§ Task brief
All of the data should be copied exactly, with the pictures left out.

§ Supplied information
========================================================================

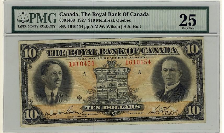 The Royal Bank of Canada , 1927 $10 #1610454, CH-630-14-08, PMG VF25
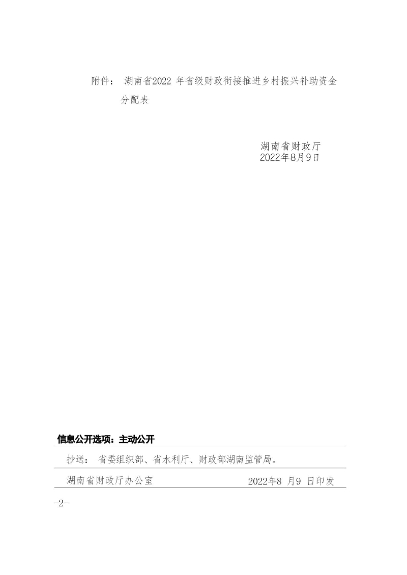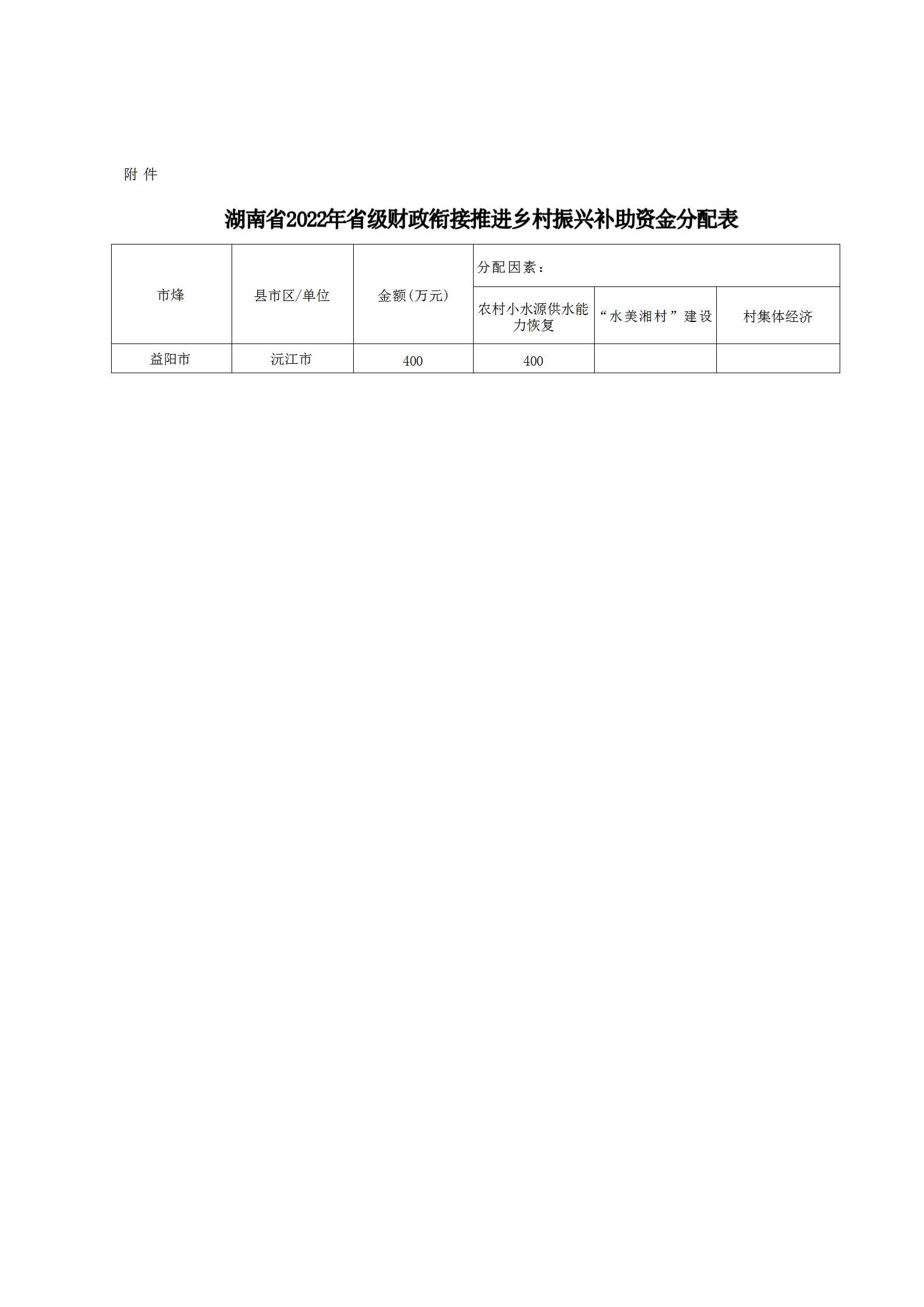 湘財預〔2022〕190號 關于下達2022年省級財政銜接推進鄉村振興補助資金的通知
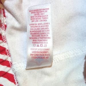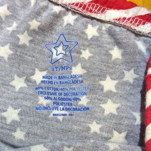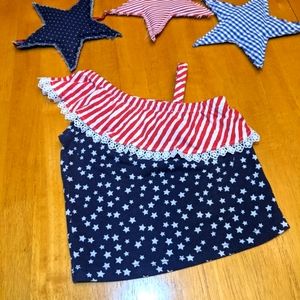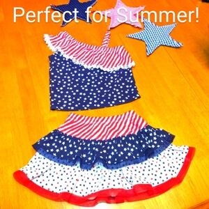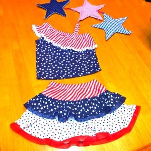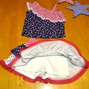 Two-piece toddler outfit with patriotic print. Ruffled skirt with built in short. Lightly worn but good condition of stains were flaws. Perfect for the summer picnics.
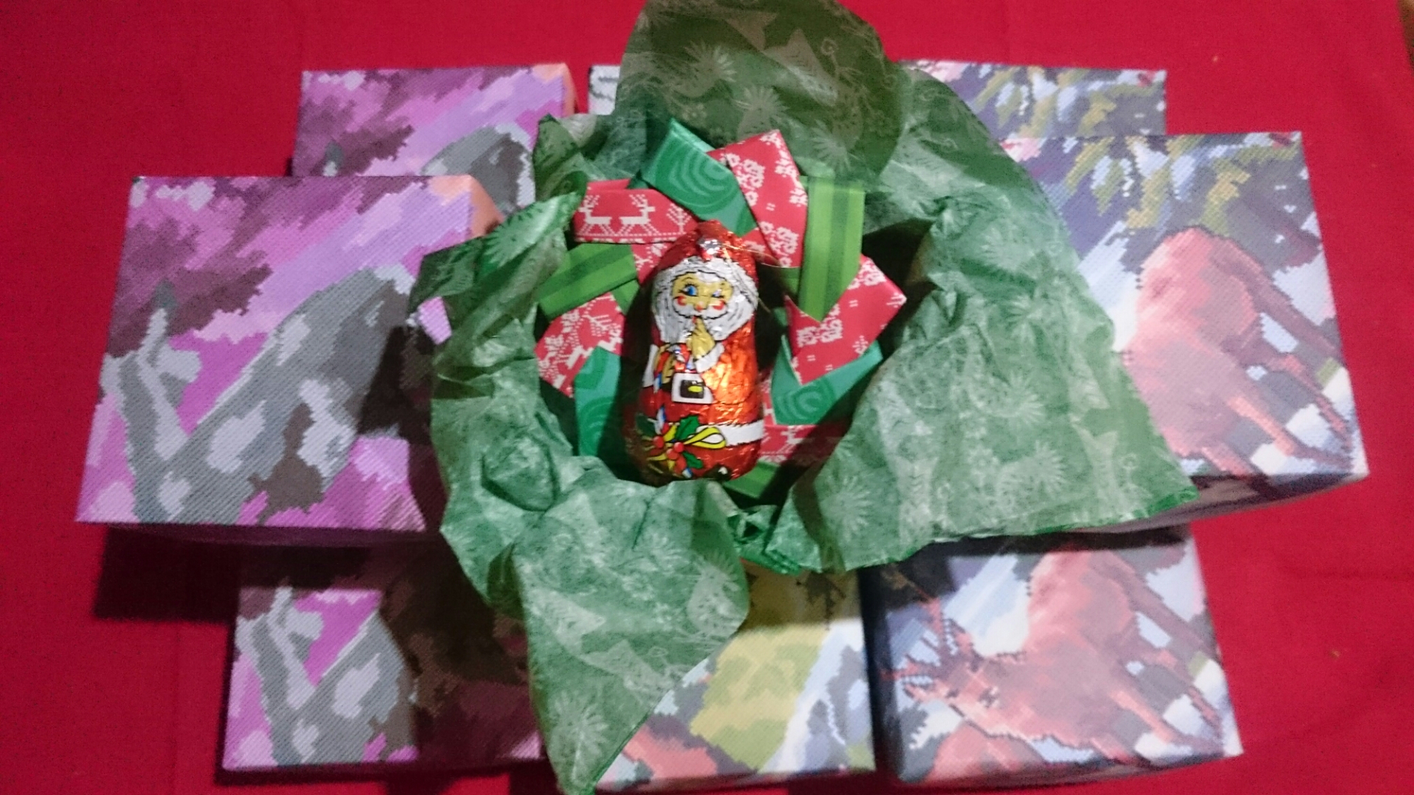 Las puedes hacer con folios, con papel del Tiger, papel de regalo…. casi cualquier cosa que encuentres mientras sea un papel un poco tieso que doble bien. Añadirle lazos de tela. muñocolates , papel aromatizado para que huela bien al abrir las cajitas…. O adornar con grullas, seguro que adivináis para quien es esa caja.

========================================================================

§ Reply to the task
 The Royal Bank of Canada , 1927 $10 #1610454, CH-630-14-08, PMG VF25
 湘財預〔2022〕190號 關于下達2022年省級財政銜接推進鄉村振興補助資金的通知
 Two-piece toddler outfit with patriotic print. Ruffled skirt with built in short. Lightly worn but good condition of stains were flaws. Perfect for the summer picnics.
 Las puedes hacer con folios, con papel del Tiger, papel de regalo…. casi cualquier cosa que encuentres mientras sea un papel un poco tieso que doble bien. Añadirle lazos de tela. muñocolates , papel aromatizado para que huela bien al abrir las cajitas…. O adornar con grullas, seguro que adivináis para quien es esa caja.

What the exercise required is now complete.